I imagine Jesus’ response to the woman was about as shocking as her behavior. People would have expected a religious leader to admonish the woman, to remind her of her status as an outcast, and to send her back into exile.  But what does Jesus do?  He listens to her and then tells her that her faith has made her well.  He provides healing.

He heals the woman’s physical ailment, but that, my friends, is only a part of what Jesus does, and perhaps not even  the biggest part of what he does.  Because in heeding her prayer and healing her body, he brings her back into the community.  She is no longer an outcast.  She can take her place with her family, friends, and neighbors, and live a life that has been denied to her because of her illness.  She is made whole.  That in and of itself is truly amazing, but the story does not end there. Her family, friends, and neighbors can once again benefit from the gifts she has to offer and from being in relationship with her.  The community is made whole.  It’s as if Jesus uses the occasion of her physical healing to model a new way of being, of understanding how to be in relationship, of the power and importance of reconciliation.

Of course, that takes a bit of time, enough time that Jairus and Jesus get the word that Jairus’ daughter is dead.  His friends see no point in troubling Jesus any further.  They have given up hope.  But Jesus continues on.  When he gets to the house, he says simply, “Young girl, get up” and she does.  And, as with the healing of the woman at the shore, this healing extends beyond the physical ailment of the daughter.  When she arises from the dead, Jairus’ family is made whole once again.  Obviously, for any family that would be incredible, wonderful news.  Given that Jairus is a religious leader in a time when the adage “the sins of the father…” was taken quite seriously, his daughter’s healing also means that he maintains his credibility as a righteous man, as a leader in the community.  Again, physical healing occurs and relationships are restored, as Jairus’ friends and family learn not to lose faith, even in the midst of seemingly hopeless situations.

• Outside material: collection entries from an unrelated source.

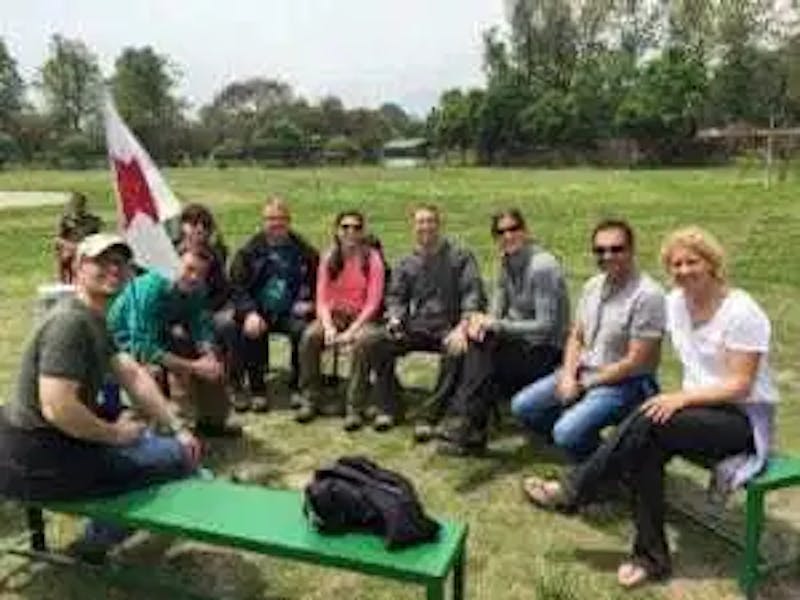 Medical mission work always brings surprises and this trip was no exception. As the team was walking through Kathmandu they were approached by local aid group. When they explained that they were a team of American physicians they were asked if they could provide some assistance to the injured people on the site. Without a second thought the team planted their Red Cross flag and began providing medical attention.
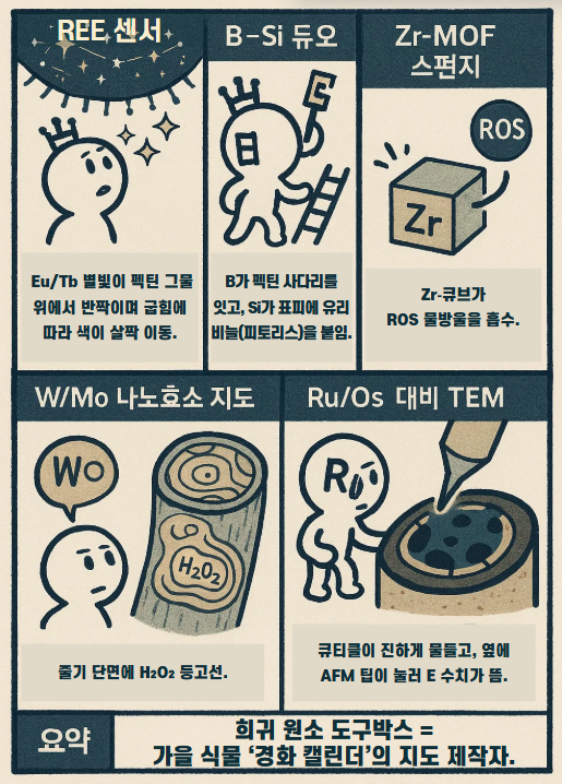 - ROS 플럭스 리포팅: Fe₃O₄(마그네타이트) 나노자임의 과산화효소 유사 활성으로 H₂O₂ 생성률을 현장 검출 → 전분 합성/분해 전환점 표시.
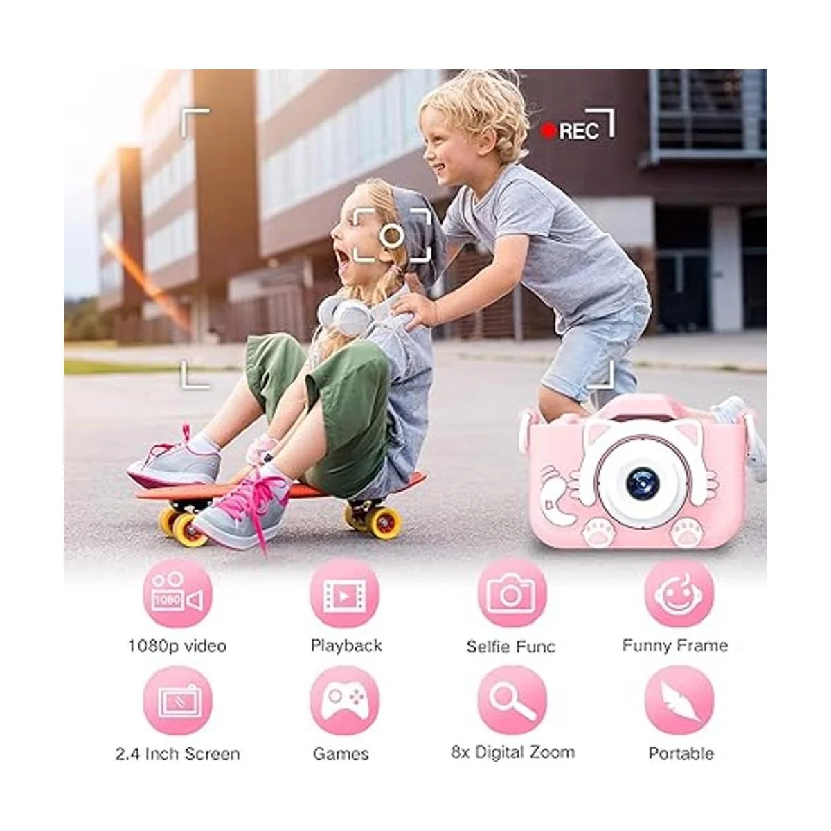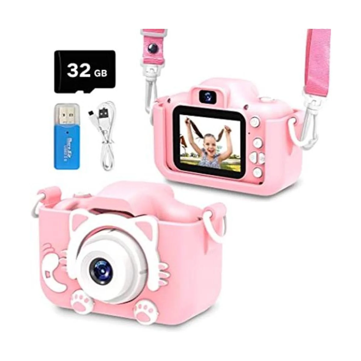 Goopow Cámara digital para niños de 3 a 8 años, cámara de video con funda suave de silicona y diseño de caricatura, regalo de navidad, cumpleaños y festividades para niños, incluye tarjeta SD de 32G

These stories teach us much about the nature of God and how God understands healing and reconciliation.  It seems to me they are especially relevant- poignant perhaps- in this time in the life of our country and the world.  In times of such immense and wide-ranging conflict, are reminded that God pays attention to all of us, to each of us, while, at the same time, we are reminded that God does not prioritize the needs of one over the needs of another.  The measures of success and worthiness we see and value are not God’s. The focus of God’s healing is not limited to a particular person or ailment, but to the reconciliation of all people to Gods’ self and to each other.

In these stories we are given two seemingly contradictory models of faithfulness: the audacious faith of the woman and the humility of Jairus.  My guess is that, at some time or another, all of us have needed to approach God with the boldness of the outcast woman, in her own surreptitious way demanding that Jesus’ power and authority be extended to her.  My guess, too, is that at other times we have needed to approach God more humbly, as Jairus, the leader of the synagogue does, when he pleads for his daughter’s health in public, more or less literally “before God and everybody,” as the saying goes.

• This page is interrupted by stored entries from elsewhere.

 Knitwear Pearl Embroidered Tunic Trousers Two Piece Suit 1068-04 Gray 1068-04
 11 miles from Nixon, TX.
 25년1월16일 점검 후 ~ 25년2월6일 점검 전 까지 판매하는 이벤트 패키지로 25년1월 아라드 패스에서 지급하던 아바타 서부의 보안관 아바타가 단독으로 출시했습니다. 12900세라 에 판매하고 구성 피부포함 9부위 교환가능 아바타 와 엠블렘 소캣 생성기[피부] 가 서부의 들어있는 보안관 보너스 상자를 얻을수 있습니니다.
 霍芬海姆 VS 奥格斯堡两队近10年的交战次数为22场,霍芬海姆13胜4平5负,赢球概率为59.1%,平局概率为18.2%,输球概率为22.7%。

The learning for us in this is that God is present to us as we are, not in our perfection or as other people expect but just as we are. Whether we are bold and audacious like the woman or humbled in our desperation like Jairus, or something different all together, God is present and gives us more than we ask, God gives us what we need. This is completely consistent with God’s dream of reconciliation to and with all people, and God’s willingness to give us healing in the ways we know enough to ask, and in ways we may not know we need.  And God does this, as God does everything, in the ways God does because God is God.  That is Good News indeed!